A comparison of these outcomes is provided in Additional file 1:Table S1. Each of these five classifications were tabulated by treatment arm and the unadjusted difference in treatment success between arms calculated with 95% confidence intervals.

Our second approach to examining the efficacy of the short regimen was to focus on TB disease events and to re-classify each STREAM primary outcome according to the likelihood that it was a Failure or Relapse event on a five-point Likert scale: Definite, Probable, Possible, Unlikely, and Highly Unlikely. The protocol-defined MITT analysis population was also used for this analysis.

Failure or Relapse (FoR) events were envisaged as those that effective TB treatment should prevent, namely events resulting from disease that has not been adequately controlled and therefore requires treatment modification or re-treatment (excluding proven exogenous reinfection).

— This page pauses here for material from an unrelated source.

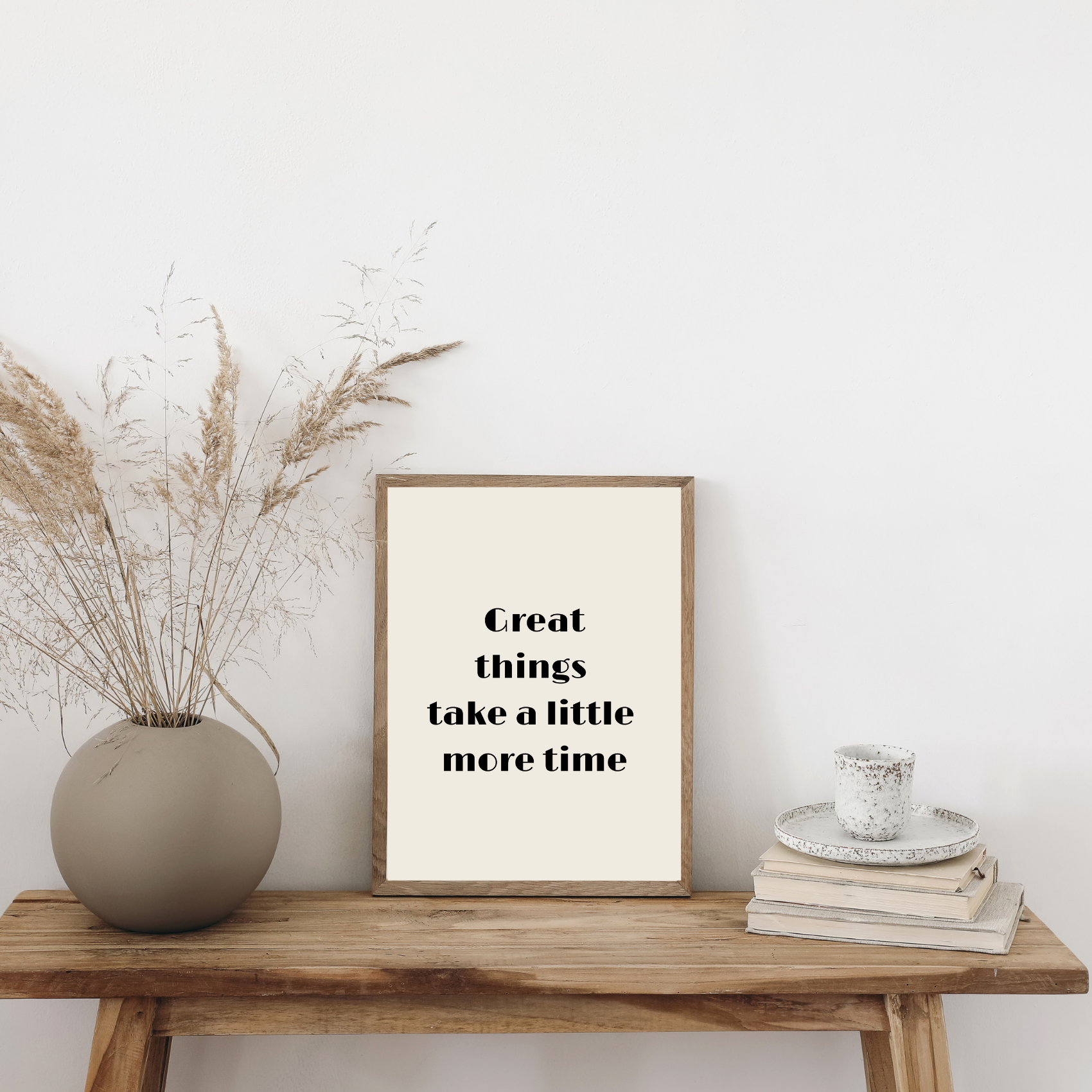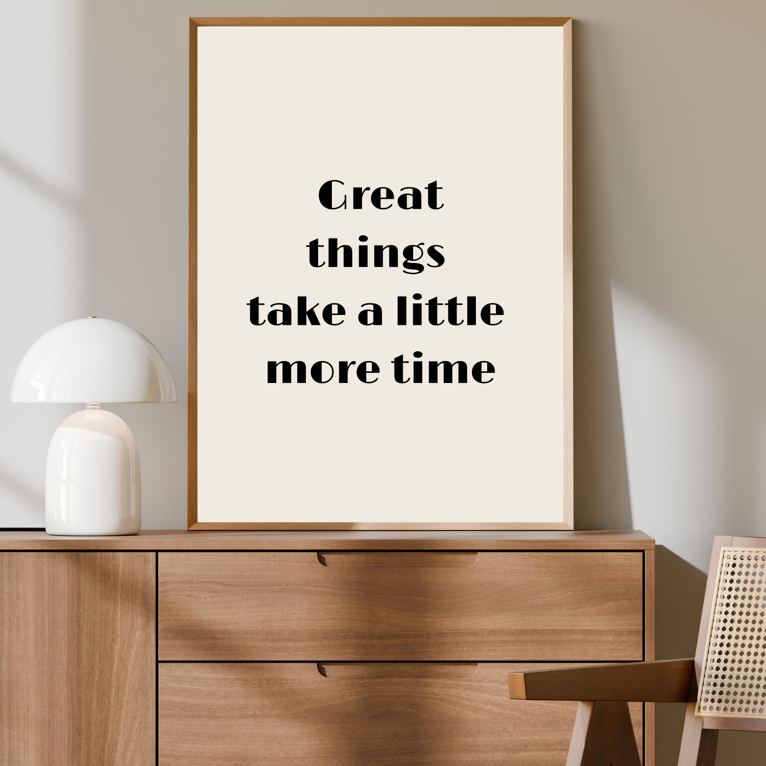 Plakat motywacyjny z napisem Great things take a little more time to kompozycja z wyraźnym przesłaniem. Będzie działać jak Twoje codzienne przypomnienie, że sukces i wartościowe cele po prostu wymagają większej ilości czasu.

An event was considered Highly Unlikely to be an FoR event only if there was evidence of durable cure; this equated to the primary outcome classification of favorable which required completion of follow-up with negative cultures. A Definite FoR event required clear bacteriological evidence of failure or relapse (excluding a proven reinfection with exogenous strain of Mycobacterium tuberculosis), a Probable FoR event required some evidence for failure or relapse (clinical, bacteriological, or radiological) in the absence of clear bacteriology (Table 1). The FoR classification was undertaken retrospectively by the authors with several rounds of refinement, but without consideration of treatment duration or allocated regimen.

Table 1 Mapping from primary outcome to FoR event

The time to an FoR event was analyzed using the log rank test and Cox proportional hazards regression, where patients not experiencing an event were censored at the time of the censoring event which met criteria for Unfavorable or Not Assessable in the primary analysis. In the FoR analyses, the main groups of interest were those classified as having a Definite or Probable FoR event (with censoring of Possible, Unlikely and Highly Unlikely events), although sensitivity analyses were conducted considering different dichotomies.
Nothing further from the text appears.